Я потерял сознание. Очнулся: кто-то льет на меня воду, кто-то кричит:
— Теперь понял, куда надо идти?
Я не хочу и не могу говорить, но в ушах продолжает шипеть ненавистный голос:
— Еще раз ослушаешься — будем сжимать пальцы клещами — это очень приятно, забьем под ногти тростниковые перья — это еще приятнее, поставим коленями на щебень — будет удобно и весело, накрошим в глаза мелкого, как порох, волоса — лучше увидишь своих партизан, подвесим за ноги и выкоптим над костром — будет вкуснее собакам глодать твои кости.
Напомнив о девяти пытках, унаследованных тувинскими нойонами от маньчжурского хана, тужумет приказал:
— Развяжите ему руки, бросьте в черную юрту. Как обсохнет, отведите его к хозяину. Извинитесь перед ним и скажите, что мы исправили своего подданного. Если опять что-нибудь случится, пусть сообщит нам.
Лежа в черной юрте, я снова думал о людях. Раньше я размышлял: «У людей неодинаковые обычаи, вот и не могут они понять друг друга. Так и Чолдак-Степан; он ненавидит меня, презирает, а тувинский бай смотрел бы иначе, считал бы человеком». Жизнь уже давно разубедила меня в этом. Сдружился я со всеми работниками Чолдак-Степана, а ведь они тоже разные: одни — тувинцы, другие — русские. Тарбаган!.. Вера!.. Им хорошо среди смелых партизан. Какой хороший тарга — обещал скоро встретиться в Хем-Белдире! А Идам-Сюрюн, светлый нойон? И его тужуметы? Они сдружились с Чолдак-Степаном. Все они ненавидят и казнят бедняков — таких, как Данилка Рощин, Сергей Санников, Веденей Сидоров, Тарбаган, Томбаштай.
Через несколько дней меня погнали назад — так же, как пригнали в ставку нойона.
Глава 9
Прощай, мама!
Я снова очутился в плену у кулака. В нашу землянку не забежит Вера. Не расскажет сказку Тарбаган. У Чолдак-Степана новые батраки.
Наступила зима. В один из дней пришла горькая весть: умерла наша мать Тас-Баштыг.
Я побежал к хозяину.
Расчесывая бороду, он вскинул на меня колючие глаза.
Отпущу, когда помрешь сам. А сено возить, хлеб молотить, лошадей поить, за коровами убирать — кому прикажешь?!
— Я недолго!
— Долго ли, коротко ли — убытки от вас терпи. Хватит, повольничал! — наотрез отказал хозяин.
Посоветовавшись с работниками, я ушел в ночь тайком.

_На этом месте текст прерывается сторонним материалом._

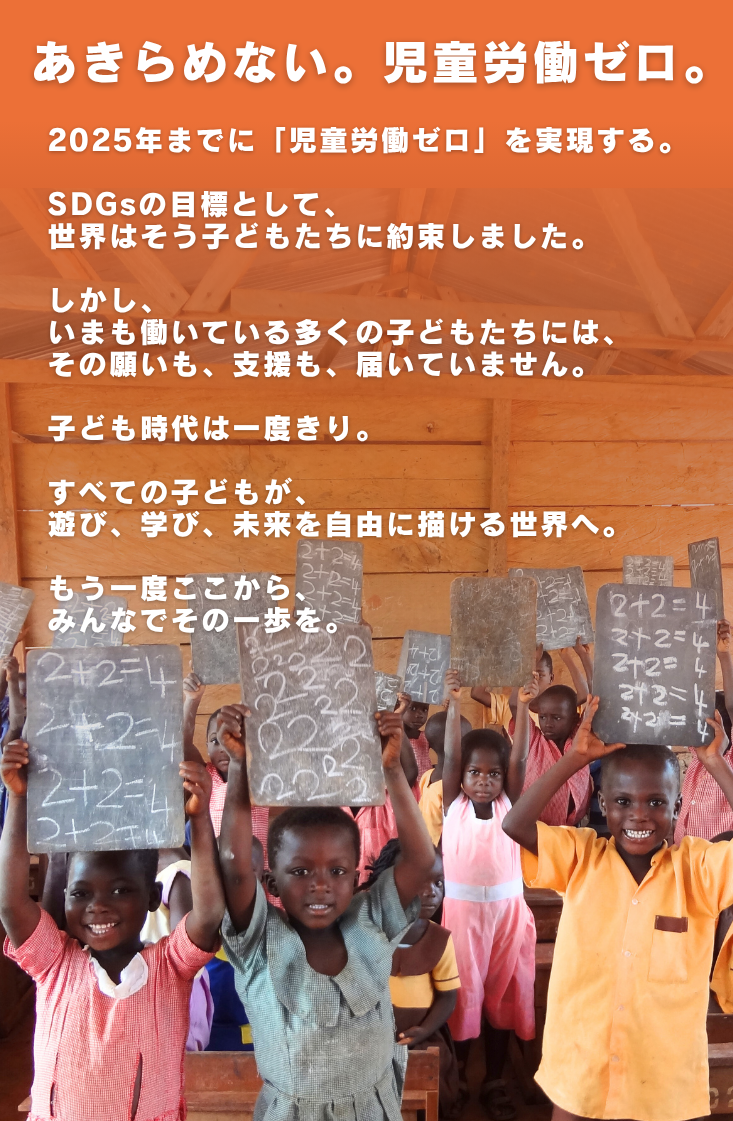 児童労働を生む社会の「仕組み」の問題です。私たちは、「児童労働ゼロ」を実現するまで決してあきらめません。

Мороз высушил воздух, выдавил из него последнюю влагу. Теперь все на земле острое, колкое.
На небе нет луны, но кругом мерцают снежные равнины, холмы и горные пики. За холмами перекликаются волки. Им идти дозором по снежному царству, рыскать из края в край степи, щелкать зубами, окружив свою жертву. Но мне не до них.

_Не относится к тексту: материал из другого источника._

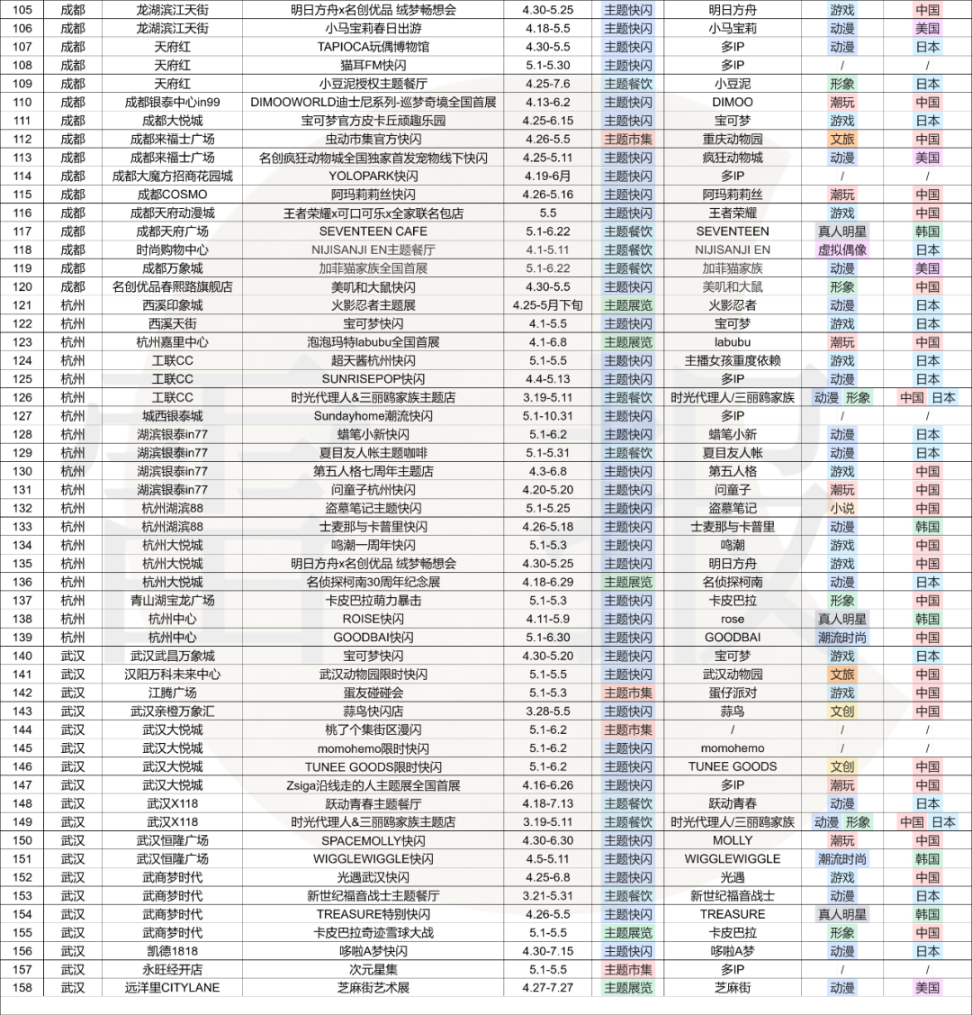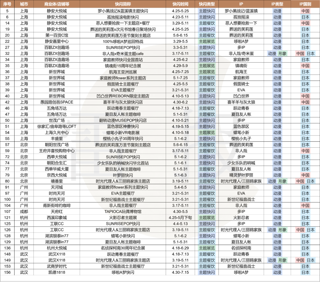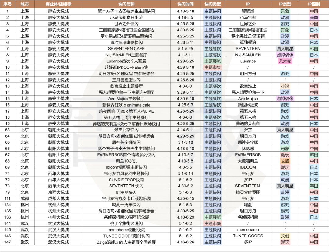 那么,五一期间全国重点六座城市的158场IP快闪有什么特点?实际的销售表现如何?又体现出怎样的新趋势呢?

— Прощай, мама! Какой страшный путь ты прошла!
Тогда я не мог еще понять великого благородства нашей матери. Никто из нас не понимал, что Тас-Баштыг — поистине героиня, одна из многих араток-беднячек, которых чтит освобожденный народ. Они мужественно отстаивали существование и будущее своих детей. Они учили нас ненавидеть врагов и любить друзей, пришедших помочь беднякам-аратам освободиться от вековой кабалы.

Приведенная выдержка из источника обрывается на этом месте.